She nodded. And it was his turn to refill her glass before topping up his own.

‘So... you mentioned kids earlier. You’re married, I take it?’

‘Was.’

‘Oh. Divorced?’

‘Widowed.’

And for the first time he saw a sadness behind her eyes, and realised it had always been there. He just hadn’t noticed before.

She took a gulp of whisky and held it in her mouth for a long time before finally swallowing it. ‘Viraj. We were at school together. A lovely boy. Fell head over heels the first time I ever set eyes on him. He had such big eyes, and luscious curls that fell about his forehead. I could only have been about eight.’ She smiled sadly, replaying some fond memory behind the increasing opacity of her eyes. ‘I went to medical school, he trained as a computer programmer. We were sort of an item off and on for years. Then, when I came to Scotland, he followed me here. Got a job in what they laughingly called Silicon Glen, and told me he wasn’t about to let me escape that easily.’ She laughed. ‘What’s a girl to do? When a man demonstrates his love like that, and gets down on one knee to propose...’

She stared into her glass now, as if the amber in it provided some window to the past.

‘We had two beautiful children together. Palash. Two years older than his little sister, Deepa. They’re nine and eleven now.’ She looked up over her glass at Brodie. ‘My whole world.’ And he wondered how much of this she would be telling him if it wasn’t for the whisky.

‘What happened?’ And he knew it was the whisky that emboldened him to ask. But he did want to know.

‘I was working one night at the mortuary at the Queen Elizabeth Hospital. I’d just called home, expecting him to pick up. I left a message, then called his mobile, but there was no answer. I knew he’d been out earlier, and the kids were overnighting with school friends. I just wanted to say I was going to be late that night. They’d just wheeled in a body. Victim of a street attack, and I had to do the PM.’ The deep breath she drew had a tremble in it as she tried to control her emotions. ‘I went to the autopsy room to open up the body bag. And there was Viraj, lying there staring back at me from the slab. My beautiful boy with his big brown eyes, and those gorgeous curls falling over his forehead. Sticky with blood now. His face all swollen and broken. Missing teeth. Beautiful white, even teeth he’d had. Lips all split and bloody. Lips that had kissed me so many times. A random attack, they said. Kids whipped up into a racist fury by anti-immigration politicians. Killed for the colour of his skin.’ Her voice cracked. ‘Dead because he followed me here.’
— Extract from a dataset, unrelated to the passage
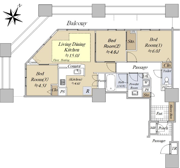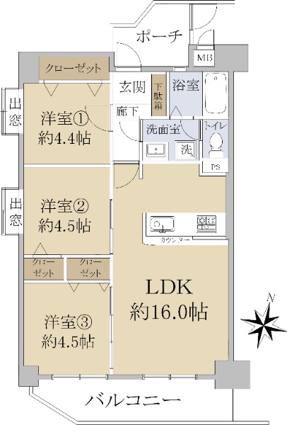 〇4LDK 〇専有面積76.26u 〇南東向き

A silent tear tracked its way from her eye to the corner of her mouth.

Brodie was shocked to his core. ‘I can’t imagine.’ His voice was the merest whisper in the dark.

‘No, you can’t,’ she said, as if daring him to even try.
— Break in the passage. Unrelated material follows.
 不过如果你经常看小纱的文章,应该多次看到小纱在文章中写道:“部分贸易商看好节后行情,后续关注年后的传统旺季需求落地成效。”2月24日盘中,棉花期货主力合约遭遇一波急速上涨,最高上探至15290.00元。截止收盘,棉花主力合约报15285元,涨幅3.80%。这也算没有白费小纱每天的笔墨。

He had no idea what to do, or say. And they sat in silence for the longest time. Until finally she drew a long, quivering breath and wiped away the tear. She took a sip of whisky and cleared her throat, a determined effort to change the direction of their conversation.

‘So what about you?’

‘What about me?’

‘Married?’

His eyes dropped to the glass he clutched in both hands. ‘Widowed,’ he said, and he felt her eyes on him in the dark.
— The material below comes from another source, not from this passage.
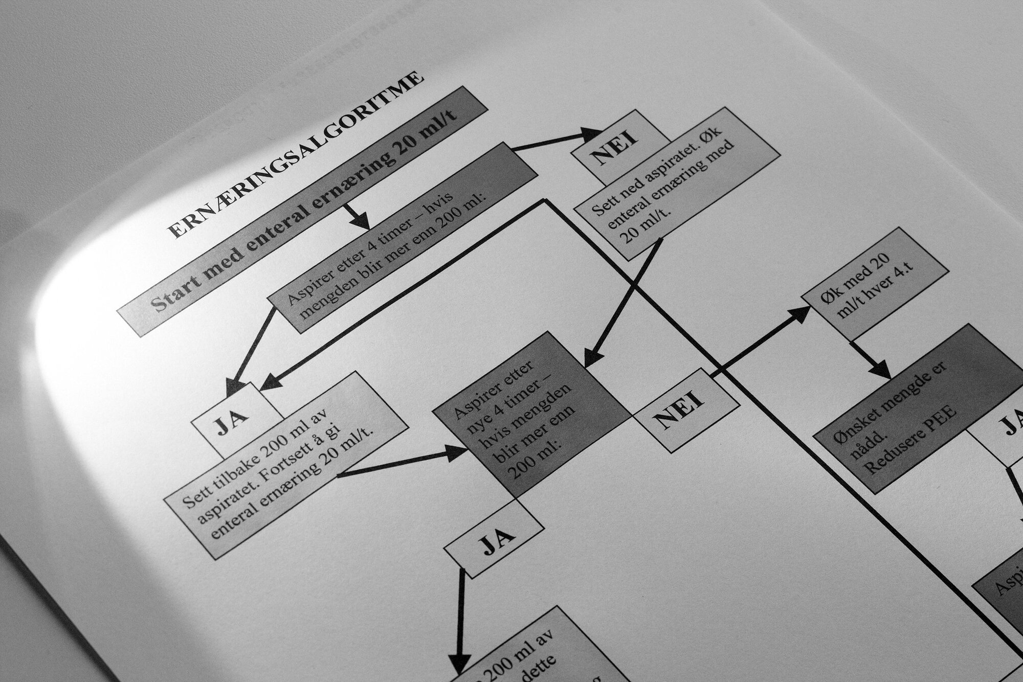 Utarbeidelsen av ernæringsalgoritmen tok utgangspunkt i en australsk studie (34). Ernæringsalgoritmen ble omarbeidet til norske forhold, diskutert tverrfaglig med kollegaer og testet på et annet sykehus enn der studien ble foretatt, for å få evaluert dens lettfattelighet og praktiske anvendelighet. Det var ingen tilbakemeldinger som kunne vise til at Ernæringsalgoritmen hadde uklare punkter. Ernæringsalgoritmen er et flytdiagram i forhold til opptrapping og gjennomføring av enteral ernæring, inkludert et punkt om parenteral ernæring som supplement der den enterale ernæringen ikke er tilstrekkelig. Poenget med protokollen er at personalet følger felles retningslinjer, slik at individuelle avgjørelser som hindrer pasienten i å bli tilført riktig mengde ernæring unngås. Ernæringsalgoritmens effekt ble målt i et kvasieksperimentelt posttest design der 42 respiratorpasienter mellom 18-70 år, med liggetid på tre døgn eller mer, ble fordelt i en sammenligningsgruppe og en eksperimentgruppe. Pasientens diagnose var ikke utvalgskriteriet i studien, begrunnet med at alle pasienter har i utgangspunktet behov for hensiktsmessig ernæring. Pasienter som flyttet fra intensivavdelingen eller døde før det var gått fire døgn, gikk ut av studien. En kort muntlig og skriftlig informasjon om studien ble gitt til leger og sykepleiere i feltet før forordnet og tilført mengde ernæring ble registrert de tre første døgn etter innleggelse hos 21 intensivpasienter som fulgte vanlig praksis (sammenligningsgruppe). Begrensning av informasjon og involvering av personalet var for å sikre korrekte data ved å unngå ekstra fokus på ernæring i denne perioden. Deretter ble de samme ernæringsdata registrert fortløpende hos 21 nye intensivpasienter (eksperimentgruppen) etter innføring og opplæring i ernæringsalgoritmen til hele personalet. Alle pasienter som fylte inklusjonskriteriene inngikk i studien fortløpende. Alle sykepleiere og leger fikk utdelt hver sin Ernæringsalgoritme i laminert lommeformat. I de tilfellene personalet ikke fulgte protokollen ble det fylt ut avviksskjema. Datainnsamling pågikk i totalt fem måneder, inkludert opplæring av personalet. Det foregikk ingen undervisning eller annen fokus på emnet ernæring under hele studieperioden. Resultater fra studien viste at pasientene som fulgte ernæringsalgoritmen fikk både forordnet og administrert signifikant mer ernæring enn pasientene som fulgte vanlig praksis. Effekten var størst i forhold til enteral ernæringsmengde (3). I tillegg førte ernæringsalgoritmen til større konsistens i sykepleiepraksis med tanke på aspirering av ventrikkelinnhold og økning av hastigheten på mengde enteral ernæring per time.

There was another long silence before she said, quietly, ‘Do you want to tell me?’

He closed his eyes and thought that probably he didn’t. He had spent most of the last ten years trying to forget. Images burned into his retinas, scorched into his memory. Pain that had never left him in all that time. And yet, hadn’t Sita just bared her soul to him? The whisky speaking, for certain. But she had told him things she had quite possibly never revealed to anyone. Opened up her own little box of horrors to public view. How could he refuse to reveal his to her? A grown-up version of ‘you show me yours and I’ll show you mine’.

As if she could read his mind, she said, ‘It’s okay, you don’t have to.’

But he wanted to now. As if some invisible constraint had suddenly been removed. He needed to share it with her. Things he had never spoken about to anyone. And with the sense of his own death little more than a breath away, he felt the urge almost to shout it from the rooftops.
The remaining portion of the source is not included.